The Oregon Health Plan took effect in 1994, but ended in failure in 2002. This blog explains that the failure was caused by external circumstances and by an internal policy error that can be avoided – provided that we learn a lesson from Oregon’s experience.
Here are the straight answers explaining why OHP failed, and lessons to be learned.
- Partisan opportunism: Oregon Health Plan (OHP) enjoyed broad cross-partisan support that during its creation 1989 – 1994. But support deteriorated into partisan opposition after Dr. Kitzhaber finished his term as governor.
- Budget circumstances: Two unforeseen fiscal roadbumps squeezed an already tight state budget:
- Medicaid’s budget was cut in Washington
- An economic downturn in Oregon led to a disproportionate drop in revenue
3. Tactical error: To respond to the budget squeeze in 2001, Dr. Kitzhaber ended first-dollar coverage for low-income patients. The resulting higher out-of-pocket costs served as an unanticipated deal-breaker for families who were living from paycheck to paycheck and couldn’t cover even a modest unexpected medical bill.
Conclusions and Lessons Learned:
- OHP can be viewed as a “failure” in 2002. On the other hand, we can’t ignore that it was also a remarkable “success” in 1994. The fact that OHP gained political and popular support, was legislated, was implemented, and was sustained for 8 years serves as a “proof of concept” – it can be done!
- But the caveat is that any reform of the U.S. healthcare system will require a sustained “grand bargain” by politicians and their constituents to support it as a national treasure and to shield it from partisan opportunism. All stakeholders rely on healthcare – doctors and hospitals, big business, small business, insurers (who will become system coordinators), drug companies, researchers, government, and not least patient-citizens. All political stripes – conservatives, liberals, and libertarians – need to find common-ground, put aside political posturing, and then civilly maintain scrutiny on checks-and-balances to “keep healthcare honest,” fair, and responsive. U.S. economy, society, government, and politics will all benefit from a high-quality, costworthy, stable healthcare system, as we proceed through our national historical journey. Thus, Americans need to support our health system through budgetary good times and bad.

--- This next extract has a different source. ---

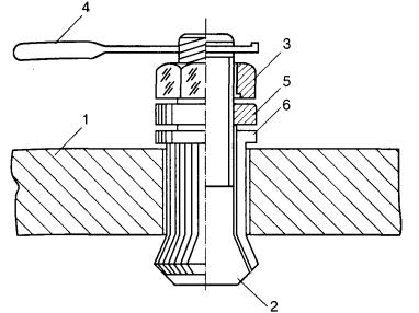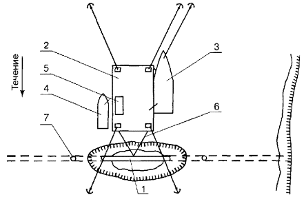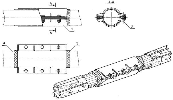 5.4.24 Аварийный ремонт подводного трубопровода с заменой дефектного участка может выполняться: - с использованием конструкции «труба в трубе»; - с заменой дефектного участка: - с подъемом участка ПП над поверхностью воды (льда); - с применением кессонов (полукессонов). Рисунок 2. Схема расстановки машин и механизмов при герметизации поврежденного участка трубопровода: 1 - ремонтируемый трубопровод; 2 - плавучая площадка; 3 - водолазный бот; 4 - шлюпка; 5 - передвижная насосная установка; 6 - грузоподъемное устройство; 7 - буй Рисунок 3. Установка кондуктора Рисунок 4. Конструкция заглушки для герметизации свищей в трубопроводе: 1 - стенка трубы; 2 - болт с конической головкой; 3 - гайка; 4 - держатель; 5 - шайба; 6 - уплотняющая втулка 5.4.25 Замена поврежденных участков под водой осуществляется с помощью кессона, с двумя вариантами входа и выхода: через шахтный колодец (сухой способ); со дна (мокрый способ). Кессоны рассчитаны для работы на глубинах до 10 м, если водолазы спускаются с поверхности воды, и до 30 м - при их входе в кессон со дна. Для работы с кессонами необходимо оборудование, обеспечивающее их функции. 5.4.26 Для выполнения ремонта поврежденного трубопровода с применением кессонов комплектуется водолазная станция. Кроме основного состава, в состав водолазной станции назначается дополнительный персонал для проведения сварочных работ, монтажа и демонтажа кессона, подачи новой катушки и выполнения других подсобных работ. Рисунок 5. Зажим разъемный: 1 - корпус зажима; 2 - болт; 3 - уплотняющая прокладка; 4 - ремонтируемый трубопровод Рисунок 6. Муфта заливочная: 1 - манжетка; 2 - обечайка; 3, 4 - отверстия для выхода воды и заливки компаунда; 5 - хомут Порядок пуска нефтепродуктопровода после ликвидации аварии После завершения всех аварийно-восстановительных работ, при положительных результатах качества выполненных работ руководитель работ по ликвидации аварии организует: - доставку групп для открытия задвижек; - сообщение телефонограммой диспетчеру ПО об окончании работ и готовности трубопровода к возобновлению перекачки; - открытие береговых задвижек по указанию диспетчера ПО, проверку герметичности отремонтированного участка статическим давлением; - проверку на герметичность и прочность отремонтированного участка и технологических соединений после вывода нефтепродуктопровода на режим перекачки. При удовлетворительном состоянии участка в дальнейшем выполняется: - очистка и изоляция мест присоединения отремонтированного участка к нефтепродуктопроводу; - засыпка ремонтного котлована; - установка на вантузах заглушек, установки щитов с запрещающими знаками по ГОСТ 26600-85. 5.5 Локализация и сбор разлившегося нефтепродукта 5.5.1 Работы по локализации разливов нефтепродукта на акватории рек и водоемов включают следующие операции: - ограничение движения пятна нефтепродукта к береговым зонам базирования народнохозяйственных объектов, населенных пунктов, водозаборов и т.д.; - локализацию разлива нефтепродукта; - сбор разлившегося нефтепродукта. 5.5.2 Ограничение направления движения и локализация пятна нефтепродукта производятся установкой плавучих боновых заграждений. 5.5.3 Установка боновых заграждений при локализации разливов нефтепродукта должна производиться в соответствии с инструкцией, разработанной изготовителем данного типа боновых заг

- The health system should strive to keep what is valuable to each stakeholder, for example first-dollar coverage for low-income patients. Oregon could have chosen instead to additional restrictions on coverage of services with lowest cost-benefit. Other examples valued by certain stakeholders are: attention to “social determinants” of health that promotes empowerment and encourages personal responsibility; accountability for “lifestyle choices”; diversity of ethical values (across age, religion, etc).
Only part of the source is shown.